ModifiedCosineParam: ModifiedCosineParam.

We next create some simple example spectra and subsequently use the compareSpectriPy() function to calculate pairwise similarities between these.

library(Spectra)
library(SpectriPy)

## Create a Spectra object with two MS2 spectra for Caffeine.
caf <- DataFrame(
    msLevel = c(2L, 2L),
    name = "Caffeine",
    precursorMz = c(195.0877, 195.0877)
)
caf$intensity <- list(
    c(340.0, 416, 2580, 412),
    c(388.0, 3270, 85, 54, 10111))
caf$mz <- list(
    c(135.0432, 138.0632, 163.0375, 195.0880),
    c(110.0710, 138.0655, 138.1057, 138.1742, 195.0864))
caf <- Spectra(caf)

## Create a Spectra object with two MS2 spectra for 1-Methylhistidine
mhd <- DataFrame(
    msLevel = c(2L, 2L),
    precursorMz = c(170.0924, 170.0924),
    id = c("HMDB0000001", "HMDB0000001"),
    name = c("1-Methylhistidine", "1-Methylhistidine"))
mhd$mz <- list(
    c(109.2, 124.2, 124.5, 170.16, 170.52),
    c(83.1, 96.12, 97.14, 109.14, 124.08, 125.1, 170.16))
mhd$intensity <- list(
    c(3.407, 47.494, 3.094, 100.0, 13.240),
    c(6.685, 4.381, 3.022, 16.708, 100.0, 4.565, 40.643))
mhd <- Spectra(mhd)

We first calculate pairwise similarities between all spectra defined above and those of caffeine using Spectra's built-in compareSpectra() function.

all <- c(caf, mhd)
res_r <- compareSpectra(all, caf)
res_r

Thus, compareSpectra() returned the pairwise similarity scores (by default calculated using the normalized dot-product function) between all spectra in all (rows) and all spectra in caf (columns). compareSpectriPy() works similar, with the difference that we need to specify and configure the similarity function (from matchms) using a dedicated parameter object. Below we calculate the similarity using the CosineGreedy function changing the tolerance to a value of 0.05 (instead of the default 0.1).
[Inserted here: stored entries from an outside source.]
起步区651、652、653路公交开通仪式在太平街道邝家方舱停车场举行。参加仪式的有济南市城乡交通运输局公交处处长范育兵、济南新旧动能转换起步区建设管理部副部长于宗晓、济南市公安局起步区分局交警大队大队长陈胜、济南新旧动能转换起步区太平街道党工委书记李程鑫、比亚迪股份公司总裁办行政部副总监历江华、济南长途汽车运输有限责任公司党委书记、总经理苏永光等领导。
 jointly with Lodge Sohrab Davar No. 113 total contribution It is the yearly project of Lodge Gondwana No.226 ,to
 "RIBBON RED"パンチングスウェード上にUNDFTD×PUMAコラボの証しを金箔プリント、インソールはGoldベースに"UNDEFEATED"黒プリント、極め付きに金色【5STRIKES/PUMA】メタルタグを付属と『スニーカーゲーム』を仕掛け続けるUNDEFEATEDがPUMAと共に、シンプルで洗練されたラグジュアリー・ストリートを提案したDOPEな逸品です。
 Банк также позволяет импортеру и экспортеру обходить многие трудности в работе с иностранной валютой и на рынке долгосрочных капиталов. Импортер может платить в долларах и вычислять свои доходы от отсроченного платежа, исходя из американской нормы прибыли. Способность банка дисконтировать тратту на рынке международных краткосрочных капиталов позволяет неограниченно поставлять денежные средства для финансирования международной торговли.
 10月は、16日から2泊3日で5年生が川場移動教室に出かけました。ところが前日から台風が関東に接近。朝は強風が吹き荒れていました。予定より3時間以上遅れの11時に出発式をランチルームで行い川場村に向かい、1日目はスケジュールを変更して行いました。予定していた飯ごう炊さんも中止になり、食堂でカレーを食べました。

res <- compareSpectriPy(all, caf, param = CosineGreedyParam(tolerance = 0.05))
res

As a result compareSpectriPy returns also a numeric matrix of similarities. Note also that the first compareSpectriPy call takes usually a little longer because the Python setup has to be initialized.
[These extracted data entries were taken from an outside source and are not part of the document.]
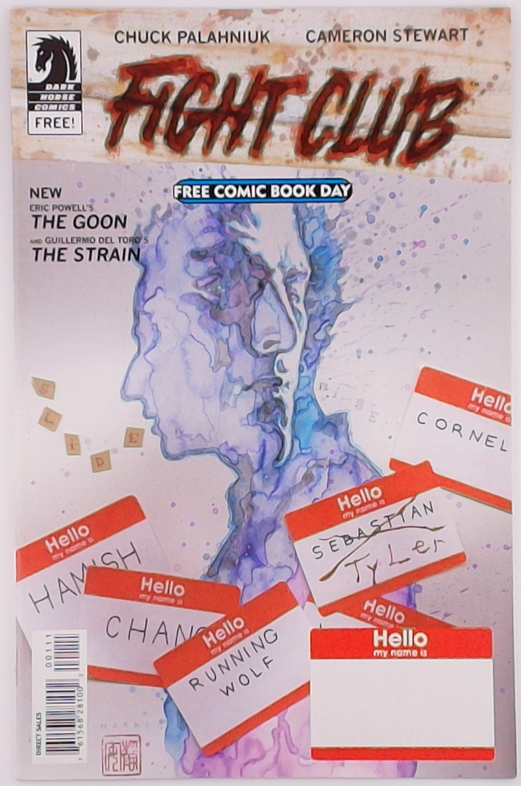 Written by Chuck Palahniuk, Eric Powell, and David Lapham. Art by Cameron Stewart, Eric Powell and Mike Huddleston. Cover by David Mack. Dark Horse Comic's most thrilling FCBD to date . . . Chuck Palahniuk and Cameron Stewart premiere Fight Club! Eric Powell with all-new tragedy in The Goon! And Guillermo del Toro presents an all-new chapter from The Strain! Need we say more?
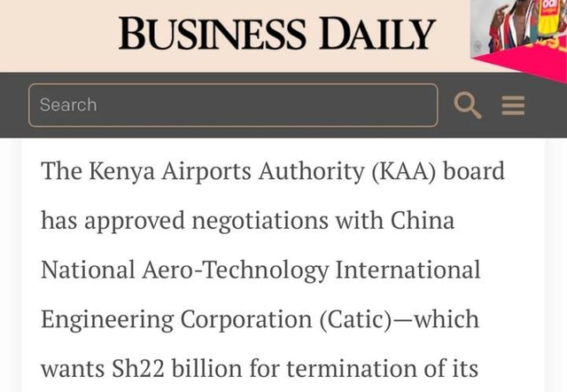 参考资料:肯尼亚商报 2021-07-30《中企向肯尼亚机场管理局索赔220亿肯先令》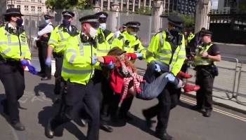 Roughly simultaneously, other XR activist took over much of the Gatwick airport not far away. The tactics employed were very smooth and intelligent, entering the airport looking like anyone else, simply awaiting the arrival of someone, since they suspected, probably quite correctly, that if they came as protesters they would not be allowed to enter. Once inside, the protest began with full regalia, information, props, and protesters even greeting travelers upon arrival. Outside, one activist climbed up on top of a plane and just sat on it, garnering some additional attention for the cause.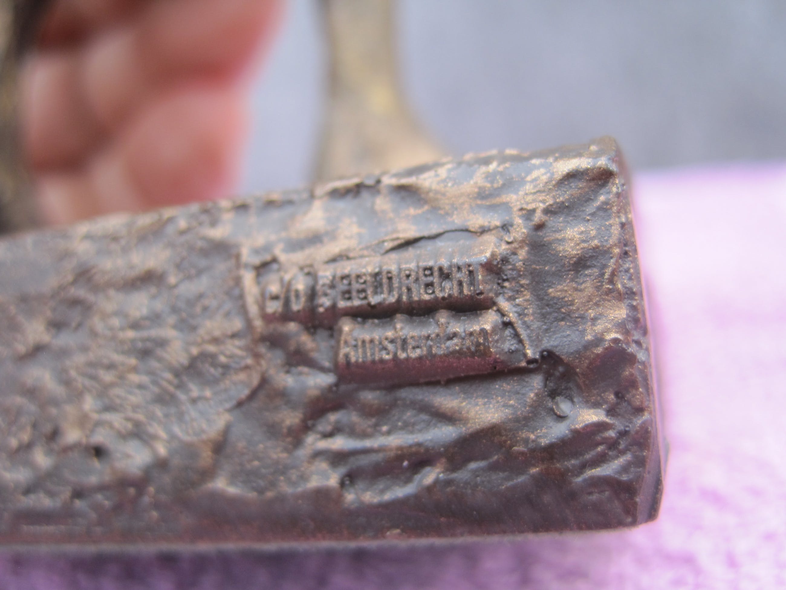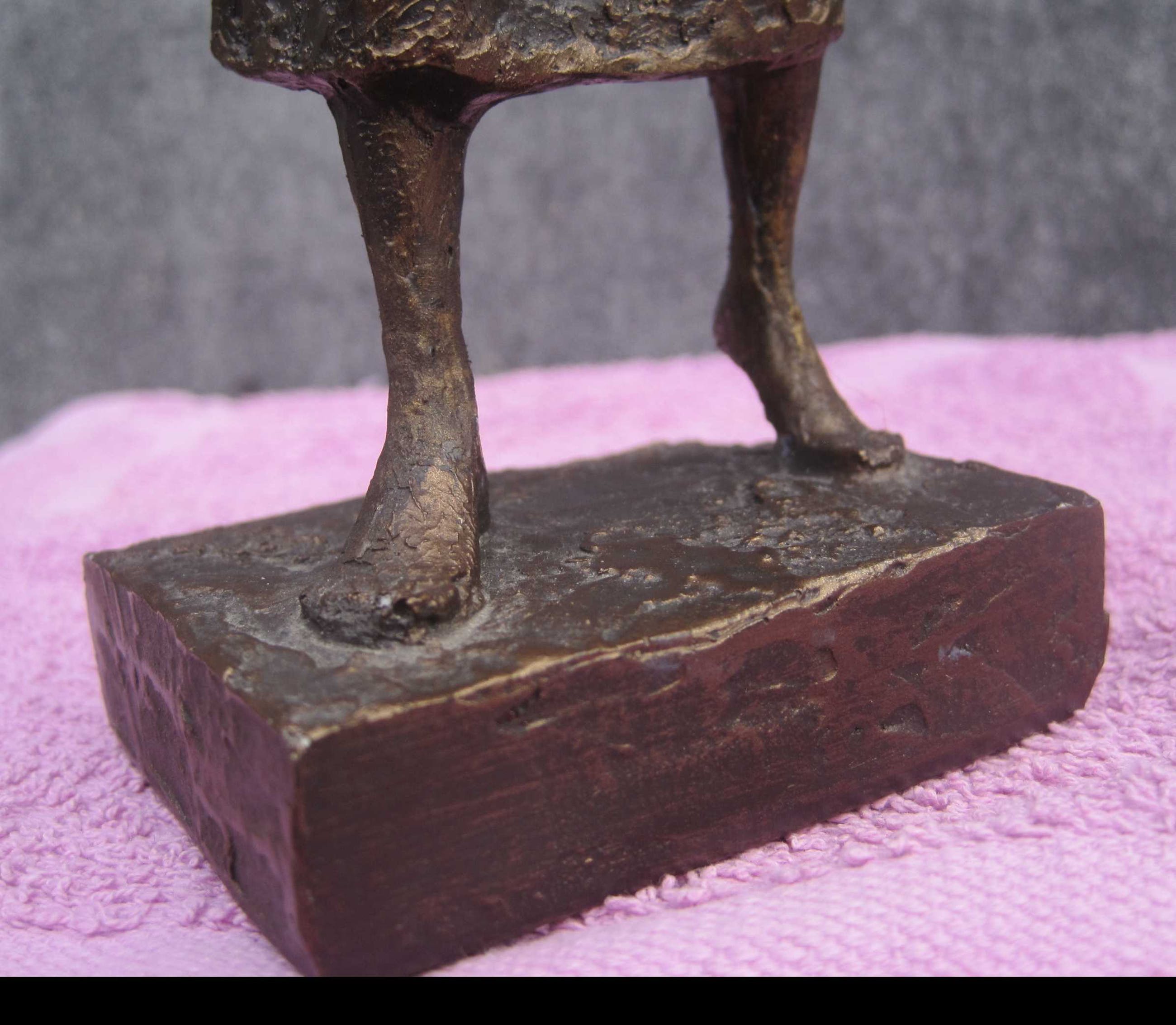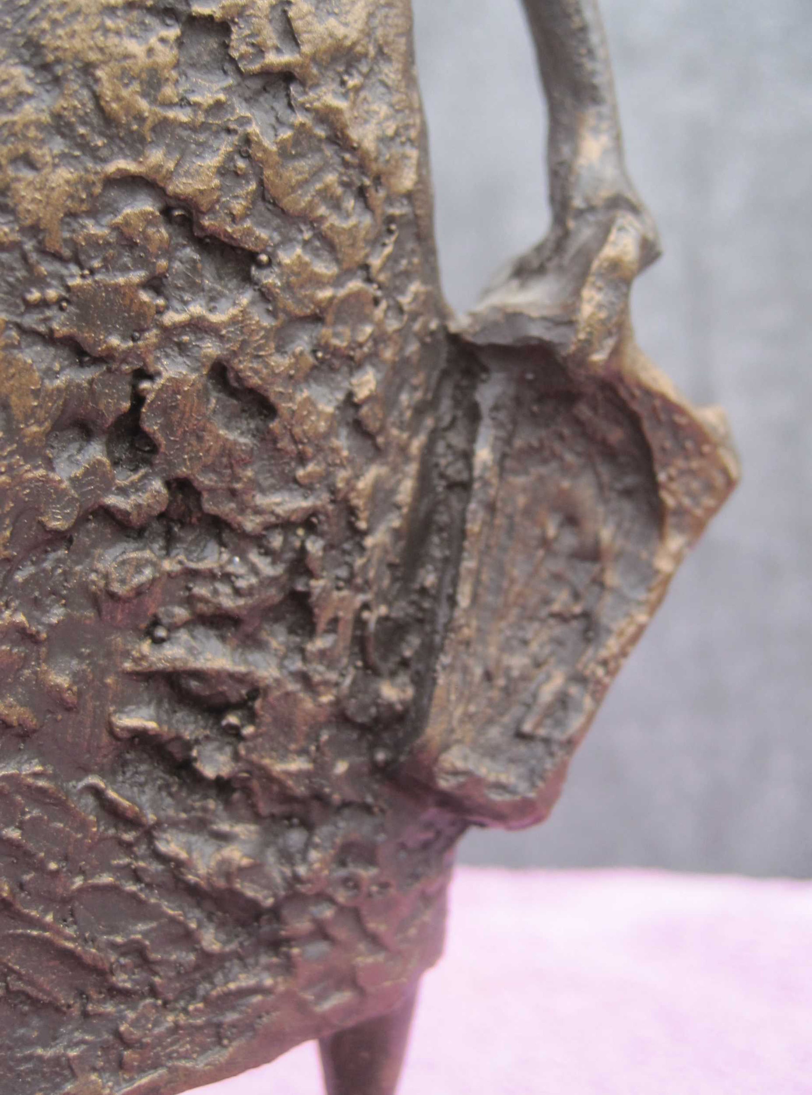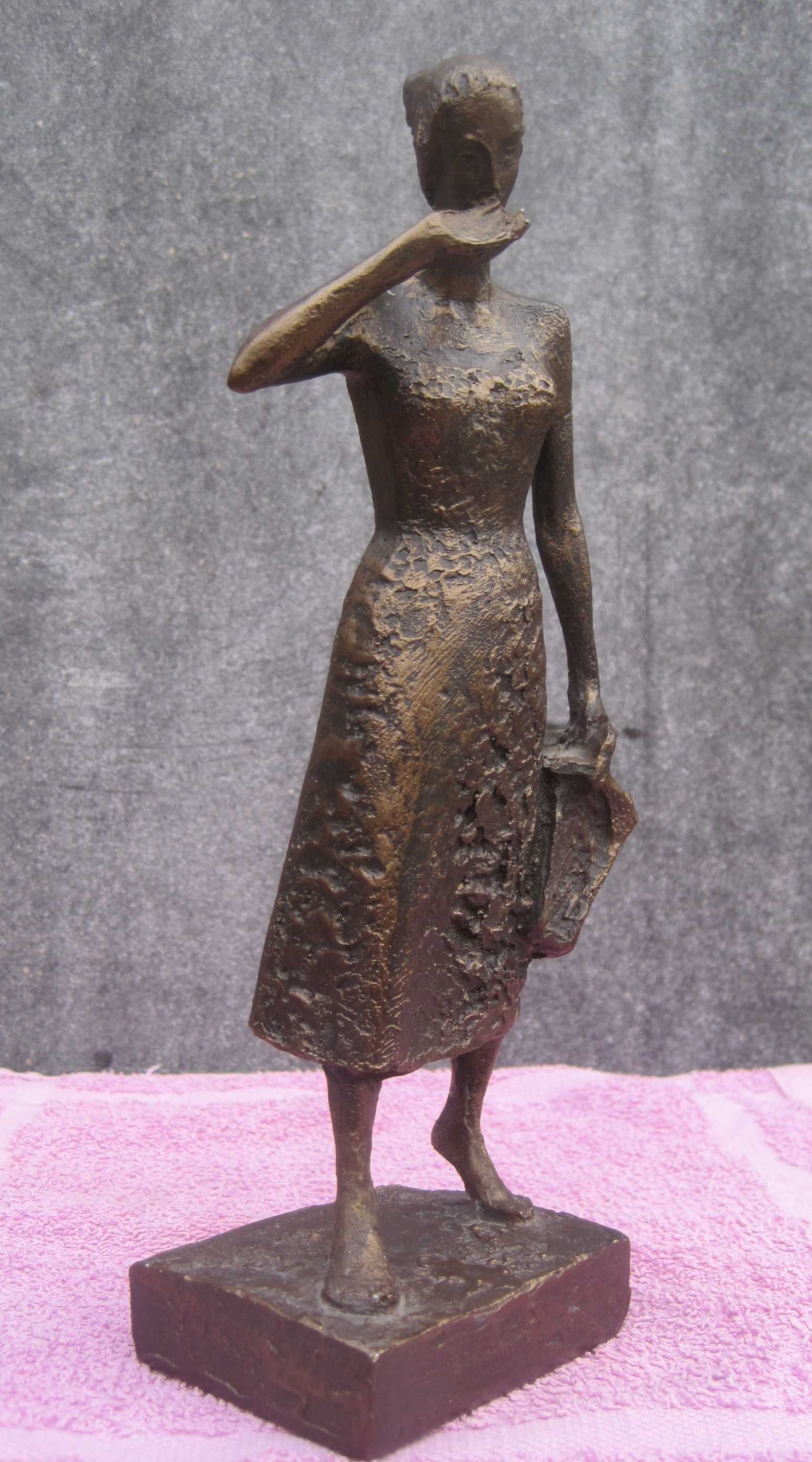 Een beeldje van 24 cm groot. Gesigneerd in de sokkel en met de vermelding Beeldrecht Amsterdam. Een beeldje uit een mirakelspel uit de 16e eeuw over een meisje dat door de duivel wordt bezeten.Uiteindelijk slaagt zij erin om aan de greep van de duivel te ontsnappen. Het heel bekende originele bronzen beeld staat in Nijmegen op de Grote Markt en is gemaakt door Vera Tummers - van Hasselt in opdracht van V&D als geschenk aan de stad. Het beeldje verkeert in een goede staat.

Next we use the ModifiedCosine algorithm that considers also differences between the spectra's precursor m/z in the calculation.

res <- compareSpectriPy(all, caf, param = ModifiedCosineParam())
res

Note that for this calculation all spectra precursor m/z values need to be available, otherwise an error will be thrown. Thus, we should always ensure to remove spectra without precursor m/z values prior to similarity scoring with this similarity method. Below we remove the precursor m/z from one of our input spectra and then show how the Spectra object could be subsetted to valid spectra for this method.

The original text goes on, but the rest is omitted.